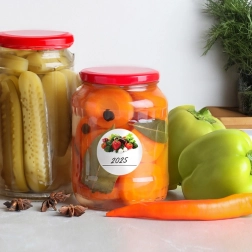Praktická sada 36 samolepiacich etikiet na poháre a fľaše s priemerom 3,5 cm. Etikety z laminovaného papiera s motívom zeleniny sa ľahko lepia bez ďalšieho lepidla a majú miesto pre názov, dátum či zloženie. Skvelé na poriadok v špajzi a elegantné označenie domácich produktov.
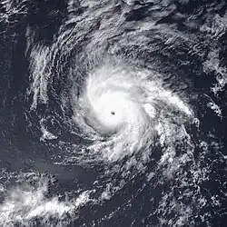 On August 30, a tropical disturbance developed south of Panama. Around 12:00 UTC on September 5, the system organized into a tropical depression as thunderstorms coalesced into loosely defined rainbands. These bands increased in intensity over subsequent hours, signaling the cyclone's intensification into Tropical Storm Kenneth by 06:00 UTC on September 6. Over the coming days, the cyclone moved on a sinussoidal-like path across the East Pacific, alternating between west and west-northwest. On September 8, Kenneth attained hurricane strength, which was followed by its development into a major hurricane on September 10, shortly after an eye first appeared on satellite. Early the following day, it became a powerful Category 4 cyclone with peak winds of 150 mph (240 km/h).[39] Kenneth displayed a small but well-defined eye embedded within a very cold central dense overcast at this time.[40] Soon, the cyclone encountered cooler waters and southwesterly wind shear on its northwest trek,[41] which caused the system to decay. Kenneth dissipated at 00:00 UTC on September 18, though its remnant circulation persisted for a few more days.[39]
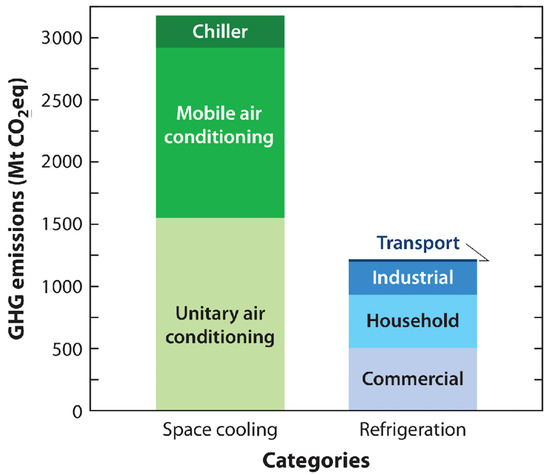 - Dong, Y.; Coleman, M.; Miller, S.A. Greenhouse Gas Emissions from Air Conditioning and Refrigeration Service Expansion in Developing Countries. Annu. Rev. Environ. Resour. 2021, 46, 59–83. [Google Scholar] [CrossRef]

• REQUIREMENT: Pictures aside, return all of the material exactly as written.

• RESPONSE AREA:
Praktická sada 36 samolepiacich etikiet na poháre a fľaše s priemerom 3,5 cm. Etikety z laminovaného papiera s motívom zeleniny sa ľahko lepia bez ďalšieho lepidla a majú miesto pre názov, dátum či zloženie. Skvelé na poriadok v špajzi a elegantné označenie domácich produktov.
 On August 30, a tropical disturbance developed south of Panama. Around 12:00 UTC on September 5, the system organized into a tropical depression as thunderstorms coalesced into loosely defined rainbands. These bands increased in intensity over subsequent hours, signaling the cyclone's intensification into Tropical Storm Kenneth by 06:00 UTC on September 6. Over the coming days, the cyclone moved on a sinussoidal-like path across the East Pacific, alternating between west and west-northwest. On September 8, Kenneth attained hurricane strength, which was followed by its development into a major hurricane on September 10, shortly after an eye first appeared on satellite. Early the following day, it became a powerful Category 4 cyclone with peak winds of 150 mph (240 km/h).[39] Kenneth displayed a small but well-defined eye embedded within a very cold central dense overcast at this time.[40] Soon, the cyclone encountered cooler waters and southwesterly wind shear on its northwest trek,[41] which caused the system to decay. Kenneth dissipated at 00:00 UTC on September 18, though its remnant circulation persisted for a few more days.[39]
 - Dong, Y.; Coleman, M.; Miller, S.A. Greenhouse Gas Emissions from Air Conditioning and Refrigeration Service Expansion in Developing Countries. Annu. Rev. Environ. Resour. 2021, 46, 59–83. [Google Scholar] [CrossRef]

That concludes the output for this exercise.